**WHAT IS EXPECTED**
Set down, word for word, only the lines from the start of the records through the line bearing "Ova lagana i"; include no pictures.

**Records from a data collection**
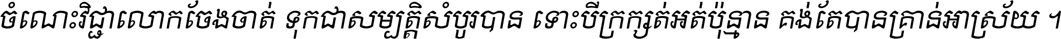 ចំណេះ​វិជ្ជា​លោក​ចែង​ចាត់ ទុក​ជា​សម្បត្តិ​សំបូរ​បាន ទោះ​បី​ក្រក្សត់​អត់​ប៉ុន្មាន គង់​តែ​បាន​គ្រាន់​អាស្រ័យ ។
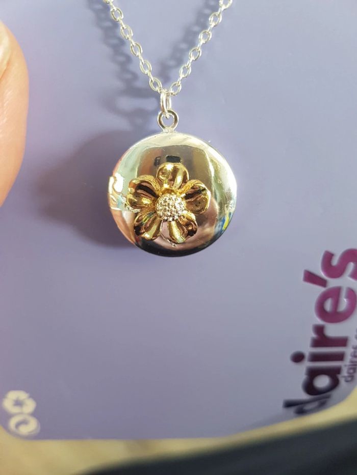 Collier médaillon Claire's argenté avec pétales dorés et brillants au cœur de la fleur. S'ouvre pour mettre photo ou autre! Valeur 15,99€ #aline_38_bijoux
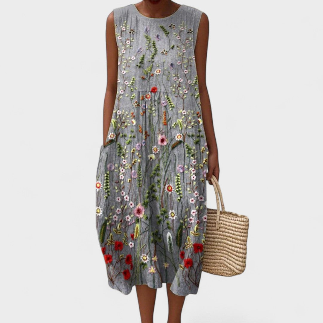 Ova lagana i prozračna haljina savršeno kombinira stil i praktičnost, dajući vam slobodu kretanja i sofisticiran izgled u svim prigodama. Njezin opušteni kroj i cvjetni uzorak čine je idealnim izborom za plažu, šetnju gradom ili ljetne susrete.
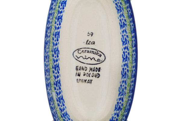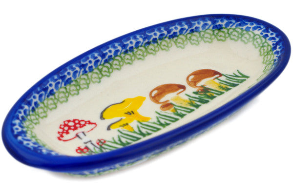 This Polish Pottery Condiment Dish is handmade and handpainted by the Ceramika Nina factory in Boleslawiec, Poland. Manufacturer item number H1648P. It is 1" high and measures 6½" by 3¼". The capacity of this Condiment Dish is 4.23 oz (brimful) and it weighs 0.4 lbs. It is part of the Wild Mushroom Picking Collection.
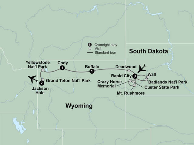Enjoy stunning views of the American West as you make your way through Yellowstone, Grand Teton National Park, and more. Overnight in the cowboy towns of Jackson Hole and Cody. Experience the Wild West as it once was with a visit to Deadwood, a town built on gold and gunpowder. Choose how you delve into the local history, with a tour of the Adams Museum in Deadwood or at the exhibit Tatanka: Story of the Bison. Experience Yellowstone National Park, home to an incredible array of wildlife. Search for free-ranging herds of buffalo in Custer State Park. Marvel at Grand Teton National Park’s towering peaks, marked with mountain glaciers. Soak in stunning views of Mt. Rushmore and the Crazy Horse Memorials. Grab your Stetson hat and saddle up for an adventure as you discover natural wonders and cultural treasures.
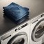 Уход за ней имеет свои особенности — в частности, вещи из денима отличаются высокой прочностью, но даже при добавлении эластана или лайкры часто могут садиться в длину. Кроме того, порошок при недостаточно хорошем полоскании может оставаться в многочисленных толстых швах, что ведет к появлению характерного запаха, а в некоторых случаях — и к развитию аллергических реакций, поэтому лучше использовать для стирки джинсовых вещей жидкие моющие средства.
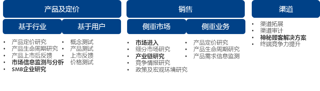 我们研究的不只是IT行业本身,我们对IT行业的上下游也有丰富和深刻的研究经验。研究范围包括上游供应商的供货能力,供应模式,价值体现等营运体系,下游渠道模式,SI系统集成商服务模式,服务外包商服务模式,下游价值链等,能够帮助各IT厂商制定更好的经营模式和合作形态等。

**TASK ANSWER**
 ចំណេះ​វិជ្ជា​លោក​ចែង​ចាត់ ទុក​ជា​សម្បត្តិ​សំបូរ​បាន ទោះ​បី​ក្រក្សត់​អត់​ប៉ុន្មាន គង់​តែ​បាន​គ្រាន់​អាស្រ័យ ។
 Collier médaillon Claire's argenté avec pétales dorés et brillants au cœur de la fleur. S'ouvre pour mettre photo ou autre! Valeur 15,99€ #aline_38_bijoux
 Ova lagana i prozračna haljina savršeno kombinira stil i praktičnost, dajući vam slobodu kretanja i sofisticiran izgled u svim prigodama. Njezin opušteni kroj i cvjetni uzorak čine je idealnim izborom za plažu, šetnju gradom ili ljetne susrete.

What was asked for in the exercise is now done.